Known for savvy investing since his playing career ended, though, Jordan and any advisors he employs clearly saw value in boarding the bandwagon. He invested $26 million a few years ago in a startup company called aXiomatic Gaming.

That upfront cost feels steep, but you can see the appeal. aXiomatic Gaming was given a $200 million valuation in 2018, according to Forbes, and it has only increased in worth during the years since.

2. Ronaldo

Source: archive.esportsobserver.com

Let’s keep the theme of living sports legends going, shall we?

On the pitch, Ronaldo was known as one of the all-time great soccer players during his prime. Since his retirement, though, he has dabbled in a handful of non-traditional investments. And the list of his ventures includes a substantial 2017 purchase in CNB e-sports Club.

Ronaldo was turned on to the Esports wave by two household names in poker, Andre Akkari and Igor Trafane. Because, funny enough, poker is among the many other hobbies Ronaldo has taken up since walking away from soccer.

3. David Beckham

Source: dexerto.com

Has there ever been a more recognizable face to come out of professional soccer than David Beckham? Maybe Cristiano Ronaldo.

But after him, Beckham feels like the next most likely player anyone would remember if they saw him walking up the street.

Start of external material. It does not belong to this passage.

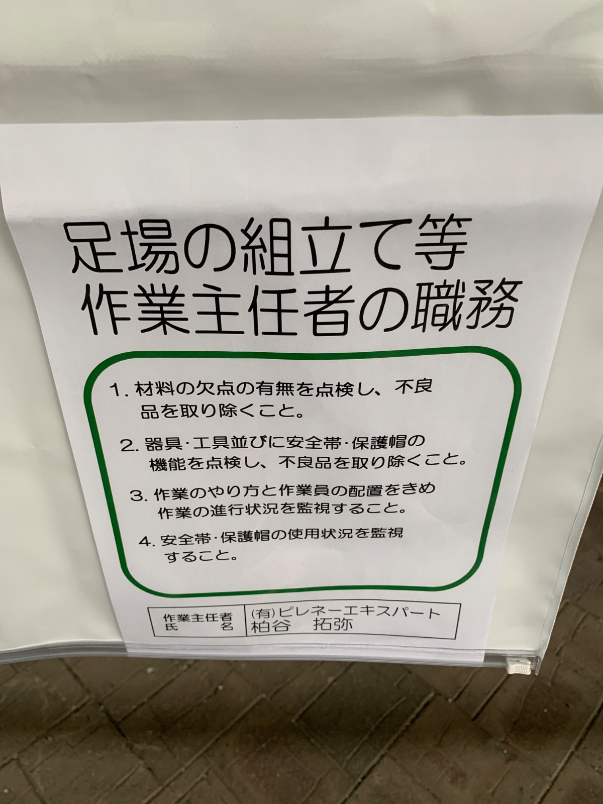 | 3 | 【足場全体】足場組立解体作業主任者名の表示はあるか | ||

Anyway, back in 2020, Beckham became a co-owner of Guild Esports. While many others have bankrolled stakes in professional Esports teams, Guild Esports is essentially an academy that helps hone the skills of up-and-coming gamers in Rocket League, Fortnite, FIFA and VALORANT.

4. Drake

Source: metro.co.uk

“Drake” by Music is Entropy  is licensed under CC BY 2.0

Drake is best known for churning out billboard-topping rap music. But he is also a noted NBA superfan, as well as a brand ambassador for the Toronto Raptors, who play in his home country of Canada.

More recently, however, Drake became an Esports owner after he purchased a stake in 100 Thieves, a team that was started by a former Call of Duty player.

For those close to the Esports scene, the move wasn’t that much of a surprise. Drake made many cameos across popular Twitch gaming streams prior to making his investment, so he’s no stranger to the industry.

5. Will Smith

Source: cnbc.com

Celebrities don’t get more A-list than Will Smith, who has done everything to star in TV shows and movies to release multi-platinum albums to most recently create a hit YouTube series.

It turns out Esports is also a notch under Smith’s belt. A few years ago, he headlined an investment group that paid $46 million to purchase a majority statek in Gen.G, which specializes in coordinating global esports events.

6. Stephen Curry

Throughout the NBA, it’s widely known that two-time MVP and three-time champion Stephen Curry would love to have proprietorship of a live-sports franchise. In the meantime, he’ll settle for owning part of an Esports company.

Roughly four years ago, in 2018, Steph led a group of investors who ponied up $37 million to TSM founder Andy Dinh, a full-service Esports organization tailored to meet the needs of players and teams partaking in major tournaments.

To this day, in fact, TSM is known for having their hand in everything related to Esports. Their list of services and specialties includes managing, salesmanship,  public relations and much more.

7. Zlatan Ibrahimovic

Source: sportklub.rs

We know what you’re thinking: Pro soccer and basketball players REALLY like investing in Esports. And, well, you’re not wrong. Other big names like Shaquille O’Neal and Kevin Durant have dipped their toes in the water, as well.

Zlatan Ibrahimovic joins is the latest glittery name to join the staggering amount of soccer and basketball players flocking toward Esports.

The Swedish striker, who plays for Serie A Club AC Milan and the Sweden National Team, was part of a group that funneled $12 million into Challengermode, a company that seeks to connect brands and creators with their target audience and then monetize those interactions.

If the current Esports wave is any indication, this is yet another non-traditional investment that should pay huge dividends.